# Gimli and Galadriel



## Legolas3363 (Mar 12, 2003)

Is it mentioned anywhere if Gimli ever put Galadriels hair in the gold or whatever?


----------



## Niniel (Mar 12, 2003)

No, just that he wants to do it, not that he actually does it. But I see no reason to doubt it.


----------



## Goldberry (Mar 12, 2003)

I don't believe it ever is. He said he would encase it in crystal.

Isn't it sad that Gimli develops a hopeless and eternal crush on Galadriel? He can't even live in her realm, let alone marry her. I thought it ironic that Galadriel said, "all will love me and despair" when she prophesied about what would happen if she became the master of the one ring. It already happened to poor Gimli.


----------



## olorin the maia (Mar 12, 2003)

I've sometimes wondered about the love the Dwarf expressed for Galadriel. I believe the Author shows us an example of chivalric love, i.e., platonic in nature, something that knights of old used to proclaim for fair damsels. It does provide some comic relief. Nowhere is it ever implied that Gimli's feelings are romantic in nature. A crush is out of the question here.
In old tales, knights would ride out 'upon errantry', challenging other knights to battle, if they would not acknowledge their chosen lady's superior beauty, wit, grace, etc. An old game among the idle nobility, I gather, probably not as simple as I have portrayed it.
Remember, toward the end of the Tale, Eomer, who had insulted Galadriel in front of Gimli when they first met, chooses Lady Arwen as the fairest in the land, and Gimli (in jest) says he must call for his axe, in order to do battle for the honor of his chosen lady.


----------



## Ithrynluin (Mar 12, 2003)

Goldberry, olorin is quite right. This was a platonic kind of love, Gimli admired her beauty and revered her wisdom.
One of the reasons he takes ship with Legolas is to see Galadriel once again.

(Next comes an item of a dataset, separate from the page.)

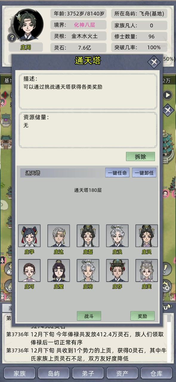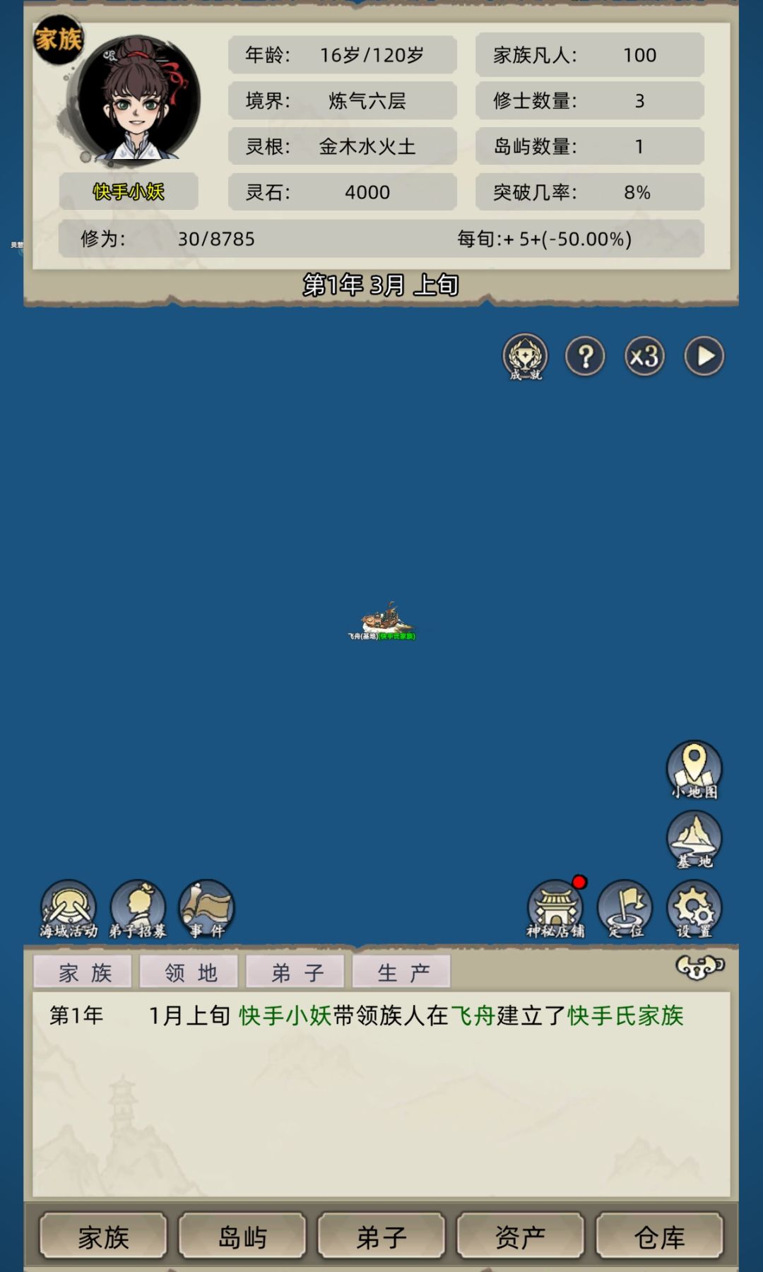 家族模式 30功德开局,无广告无SL。开局之前自由模式拿2000功德。老祖一千多岁了还是金丹,她的第六代后人两百多岁突破化神期,从此开启复兴之路。(选女主拿男弟子,男主拿女弟子。推荐女主) 分享小技巧,有些玩家可能总是被海兽困扰,分享小技巧,开局选长老,一个长老带上2级的垃圾装去欺负筑基及以下的岛屿,先右边方向,一路掠夺到最右边,再回家,往左边掠夺(尽量打邪派,少量的打点正派)。基本上打到地图左边

I have no reason to believe that Gimli didn't fulfill his plan of putting the three hairs of Galadriel into a fair gem. Especially after he became the Lord of the Glittering Caves, where (I suppose) he found many wonderful and brilliant jewels exactly for that purpose.


----------



## Legolas3363 (Mar 13, 2003)

thanks everyone


----------



## Goldberry (Mar 13, 2003)

> _Originally posted by ithrynluin _
> *Goldberry, olorin is quite right. This was a platonic kind of love, Gimli admired her beauty and revered her wisdom.
> One of the reasons he takes ship with Legolas is to see Galadriel once again.
> 
> I have no reason to believe that Gimli didn't fulfill his plan of putting the three hairs of Galadriel into a fair gem. Especially after he became the Lord of the Glittering Caves, where (I suppose) he found many wonderful and brilliant jewels exactly for that purpose. *



I'm not convinced yet. In "Farewell to Lorien", Gimli says,
"Tell me, Legolas, why did I come on this quest? Little did I know where the chief peril lay! Truly Elrond spoke, saying that we could not forsee what we might meet upon our road. Torment in the dark was the danger that I feared, and it did not hold me back. But I would not have come, had I known the danger of light and joy. Now I have taken my worst wound in this parting, even if I were to go this night straight to the Dark Lord. Alas for Gimli son of Gloin!"

Legolas tries to comfort him, saying he will always have his memories. But Gimli replies:

"...all such comfort is cold. Memory is not what the heart desires."


----------



## olorin the maia (Mar 14, 2003)

Your quotation does seem to put a different spin on Gimli's feelings. However....

At their parting in Lorien, when he asked her for a hair of her head, he said he would put it in crystal and would treasure it forever, as a remembrance of 
"your words to me at our first meeting..."

and further

" [it] shall be an heirloom of my house, and a pledge of goodwill between the Mountain and the Wood until the end of days."

Galadriel's words to the Dwarf at their first meeting were ones of comfort and welcome, and love and understanding. Celeborn had (nearly) repented of his welcome to the Dwarf, and all the rest of the Company, upon learning of the fall of Gandalf in Moria, a place that Celeborn regarded with suspicion and hatred for the evil that dwelt there.

Many were the grievances between Dwarves and Elves. Both Galadrial and Gimli were well aware of them. Gimli was grateful for the forgiveness and understanding Galadriel showed him. That was the light and joy he was referring to.
But romantic love? Doubtful.


----------